Buffer Overflows

---

This note goes over buffer overflow vulnerabilities, and how exploits can be conducted using them. If you wish to go over security mechanisms to mitigate attacks using buffer overflows (aka dynamic protection), please check this note.

---

Buffer overflows are anomalies in computers, that happen when a program tries to write to a certain contiguous memory space (buffer) more data than the allocated data to that buffer (resulting in a buffer overflow).

But why are buffer overflows dangerous? Buffer overflows can happen accidentally (due to bugs), and its effects have no impact security-wise. However, an attacker can intentionally cause a buffer overflow, with the objective of running code with superuser privileges. An attacker can also use this to steal data (buffer overread in this case).

Cause

The cause for buffer overflows has to do with how the C/C++ languages work; these languages do not verify if data being written exceeds the capacity of a buffer/array/vector.
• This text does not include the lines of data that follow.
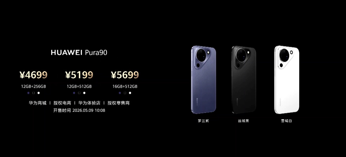 华为Pura 90系列正式发布:全系直屏设计,4699元起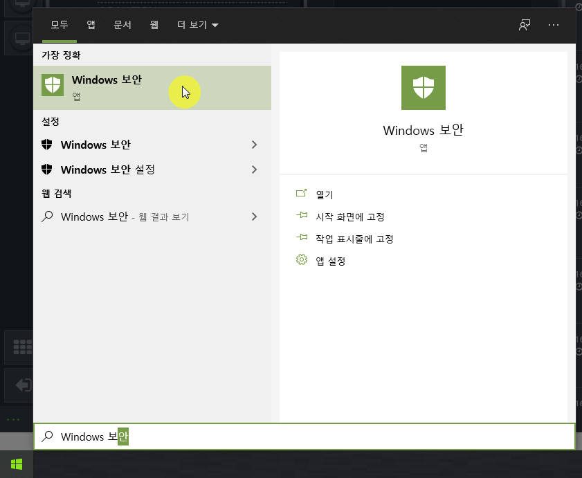 ❶ 윈도우 10 시작 단추를 클릭하고 Windows 보안을 입력한 다음 검색 결과를 클릭하여 실행합니다.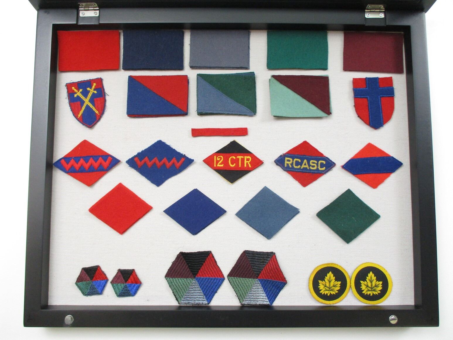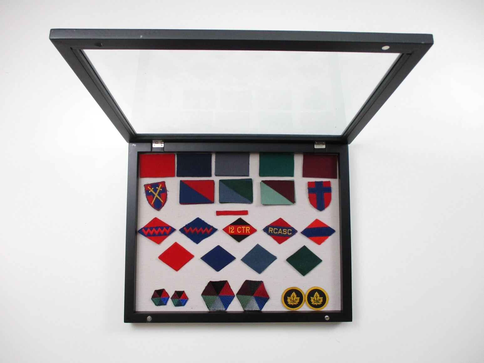 WWII ERA CANADIAN MILITARY BADGE LOT, (38) BADGES WITH DISPLAY CASE, INCLUDES; FORMATION (1ST, 2ND, 4TH & 5TH DIVISIONS), 1ST & 2ND ARMOURED DIVISION, HQ, ETC., CASE IS APPROX. 19.5" X 15.5" X 2". SEE PHOTOS. *NO GUARANTEE ON GLASS FOR SHIPPING*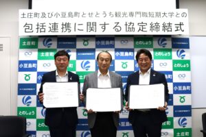2023年5月30日(火)に土庄町、小豆島町、せとうち観光専門職短期大学の三者間で「包括連携に関する協定」を締結いたしました。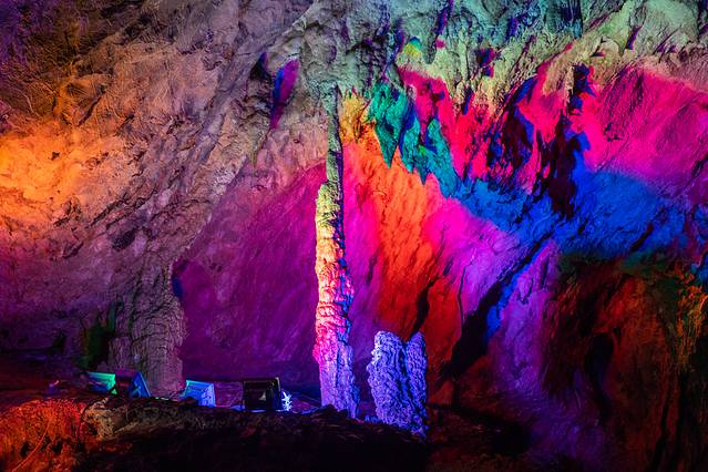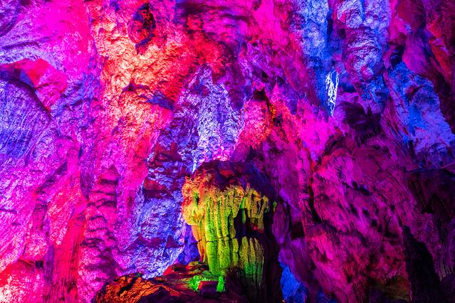 洞里有数不胜数的钟乳石奇观,每根钟乳石都有彩灯照射,五彩斑斓美丽极了。钟乳石千姿百态,有的像一根倒挂的笋,有的像用钟乳石林构成的瀑布,有的像定海神针,一根石柱拔地而起支撑着洞内的天地,好像如果没有它山洞就会塌下来一样。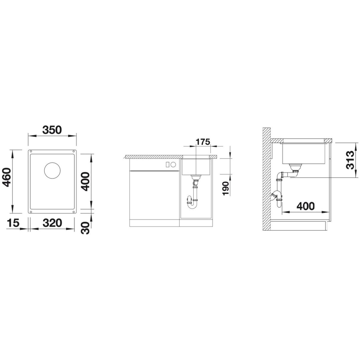 Blanco Subline 320-U fregadero de granito 40x32 cm gris/grafito/ónix 523414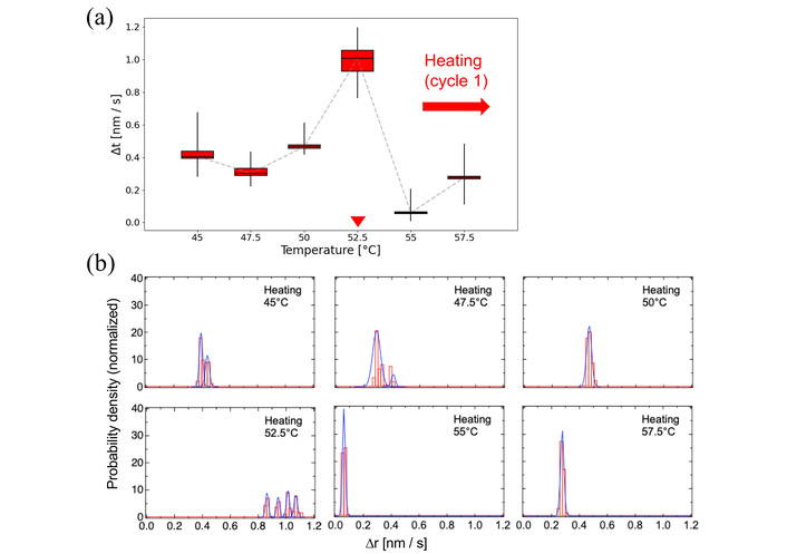 Molecular dynamics of DPPC membranes near the main phase transition during the first heating cycle. (a) Box plot representation of nanoparticle motion between 45–57.5°C. The box plots indicate the minimum, 25th percentile, median, 75th percentile, and maximum values. Red arrowhead indicates the phase-transition temperatures manually identified from the EBMD data. The original box plots spanning the wide-range temperature are shown in Figure S2a. (b) Probability density histograms of particle displacements at selected temperatures near 52.5°C. The histograms were fitted with single or multiple Gaussian curves to reveal the coexistence of heterogeneous motion modes.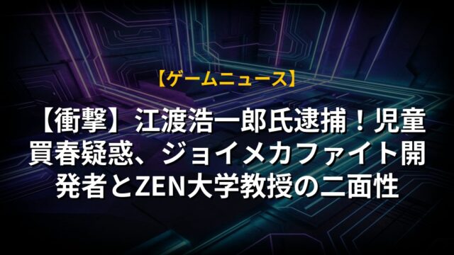 【衝撃】江渡浩一郎氏逮捕!児童買春疑惑、ジョイメカファイト開発者とZEN大学教授の二面性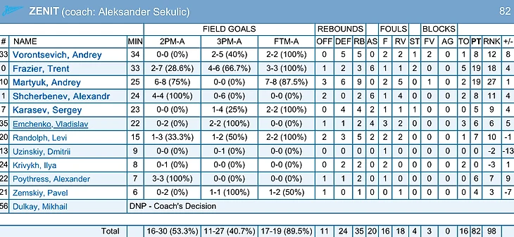 «Зенит» снова справляется с травмами, одерживая победу не в полном составе. Сегодня провалили 3 четверть и отдали подбор на своем щите. Пока летело из-за дуги были впереди. Моментами очень топорно играли в атаке, не создавая пространства для броска. Так как обзор на эту игру пишется достаточно долго, дошла информация, что Алекс Пойтресс, к сожалению, выбыл до конца сезона. У него разрыв крестообразной связки колена. «Зениту» придется выходить на рынок в поисках нового центрового. Жаль, что Ройс Хэмм уже подписал контракт с «Трабзонспором».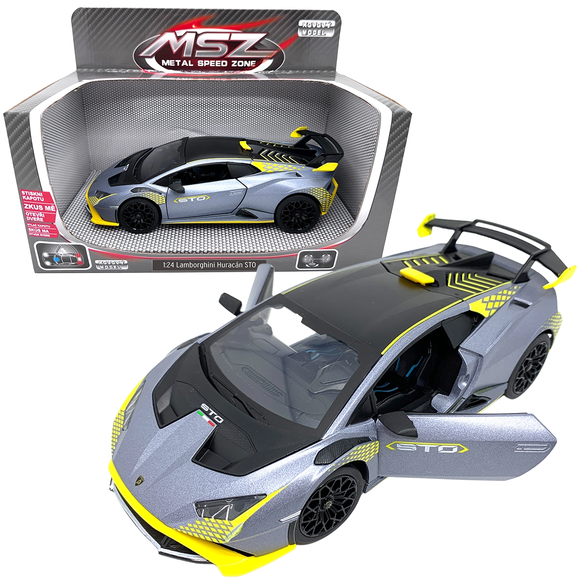 Entdecken Sie das realistische LAMBORGHINI Huracán STO Metallmodell im Maßstab 1:24, das Kinder wie Sammler begeistert. Es bietet öffnende Türen, Licht- und Soundeffekte sowie eine präzise Verarbeitung aus Metall mit Kunststoffdetails für lange Haltbarkeit und großartigen Spielspaß.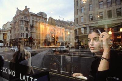 一位年轻女子停下脚步,喝着咖啡,陷入沉思。伦敦吸引着追求时髦和对未来充满憧憬的年轻人。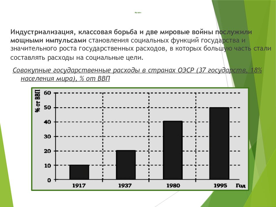 Индустриализация, классовая борьба и две мировые войны послужили мощными импульсами становления социальных функций государства и значительного роста государственных расходов, в которых большую часть стали составлять расходы на социальные цели. Совокупные государственные расходы в странах ОЭСР (37 государств, 18% населения мира), % от ВВП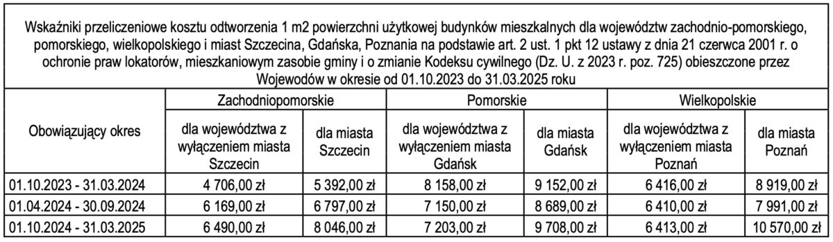 Dwa razy w roku, w miesiącach marzec i wrzesień, każdy Wojewoda ustala wysokości wskaźników przeliczeniowych kosztu odtworzenia 1 m² powierzchni użytkowej budynków mieszkalnych dla danego województwa i miasta wojewódzkiego na podstawie art. 2 ust. 1 pkt 12 ustawy z dnia 21 czerwca 2001 r. o ochronie praw lokatorów, mieszkaniowym zasobie gminy i o zmianie Kodeksu cywilnego (Dz. U. z 2023 r. poz. 725) w obowiązujących okresach od 01 kwietnia do 30 września oraz od 01 października do 31 marca.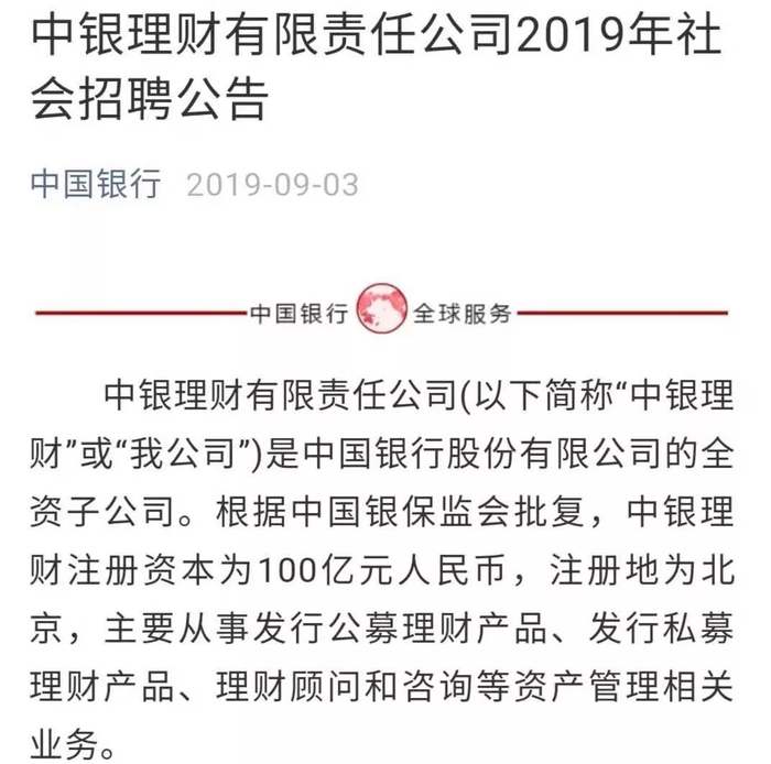 9月3日,中国银行发布关于中银理财公司2019年社会招聘公告,这是已开业的理财子公司中首个发布社招的公司。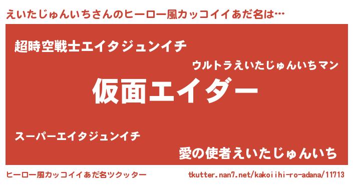 | 男性向けラノベタイトル風あだ名 | 『この素晴らしい世界にえいたじゅんいちを!』 |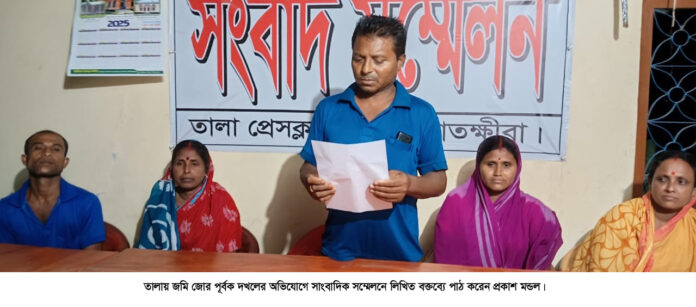 তালা (সাতক্ষীরা) প্রতিনিধি : সাতক্ষীরার তালায় সংখ্যালঘু সম্প্রদায়ের তিন পুরুষের পৈত্রিক সম্পত্তি জোরপূর্বক দখল করে নিয়েছেন ঘোষনগর গ্রামের মৃত্য নাজের আলী শেখের ছেলে আব্দুর রাজ্জাক শেখ। এঘটনায় তালা প্রেসক্লাবে সাংবাদিক সম্মেলন করেছেন ভূক্তভোগী পরিবারটি। সাংবাদিক সম্মেলনে লিখিত বক্তব্য পাঠ করেন, ঘোষনগর গ্রামের নিরাপদ মন্ডলের ছেলে প্রকাশ মন্ডল। ভূক্তভোগী পরিবারের সদস্য বিকাশ মন্ডল, সুজয় মন্ডল, রবীন মন্ডল, সবুজ মন্ডল, তপতী মন্ডল, রিম্পা মন্ডল ও নলিতা মন্ডল এসময় উপস্থিত ছিলেন।

Buffer overflows cannot be exploited in languages like Java/C#, as these languages do this type of verifications at runtime.

The problem, whilst being related with C/C++, is present in a set of vulnerable functions that should never be used, like:

• gets()
• strcpy()
• sprintf()
• scanf()

Defending against BOs

The solution against buffer overflows attacks is simple: always perform bounds checking. This can be done manually, or through replacing unsafe functions (the one above) by safe functions (these perform bounds checking).

Example: gets()

Wrong: Never use gets() !

char buf[1024];
gets (buf);

Right:

char buf [BUFSIZE];
fgets (buf, BUFSIZE, stdin);

Example: strcpy()

Solution 1:

if (strlen (src) >= dst_size) {
	/* throw an error */
} else
	strcpy (dst, src)

Solution 2:

strncpy (dst, src, dst_size - 1);
dst [dst_size - 1] = ‘\0’;

Solution 3:

dst = (char *) malloc (strlen(src) + 1);
strcpy (dst, src)

Stack Smashing

Stack smashing is the classical buffer overflow attack. Here is an example of code that is vulnerable to this attack:

void test(char *s) {
  char buf[10];    // gcc stores extra space
  strcpy(buf, s);  // does not check buffer’s limit
  printf("&s = %p\n&buf[0] = %p\n\n", &s, buf);
}
main(int argc, char **argv){
  test(argv[1]);
}

Example Code 1: Stack Smashing vulnerable code

Here, strcpy simply copies the content of s into buf, without checking the length of s, which can lead to content being written after the allocated space for buf. These writes are used in stack smashing attacks, and the attacker can use this for several effects; to understand what can the attacker do, we first need to understand the stack layout.

Stack Layout

The following image depicts the general layout of the stack:

Fig.1: Stack Layout; the red arrows point to the "targets" of stack smashing attacks

In stack smashing attacks, the overflow can happen in two places:

• Local vars
• Saved EIP

The possible effects that this can have are:

• Change state of program
• Crash program
• Execute code

Now that we know the general layout of the stack, we will take a look at the assembly code of the code presented above (Example Code 1).

Stack Smashing Attack

test
push ebp
mov ebp,esp
sub esp,0x14              // allocate buffer
----------------------------------------------------- strcpy part
mov eax,DWORD PTR [ebp+0x8]    // corresponds to the loading of s.
                     Notice that s  is 8 chars below
                     the ebp (return address)
sub esp,0x8
push eax               // add &s to stack 
lea eax,[ebp-0x12]         // corresponds to the loading of buf.
                     Notice that buf  is 0x12 = 18 chars above
                     the ebp (return address)
push eax               // add &buf to stack 
call strcpy
-----------------------------------------------------
...
ret                  // jumps to return address
main:
...
call test

Important

Notice how memory space for buf is allocated above the return address, and memory space of s is below return address. This is because of the stack layout presented in Fig.1: if you look at that figure, in the stack frame for the first function, we can see that local vars function is above the return address, and parameters function in the main stack frame (which is the case of s), is below the return address of 1st function.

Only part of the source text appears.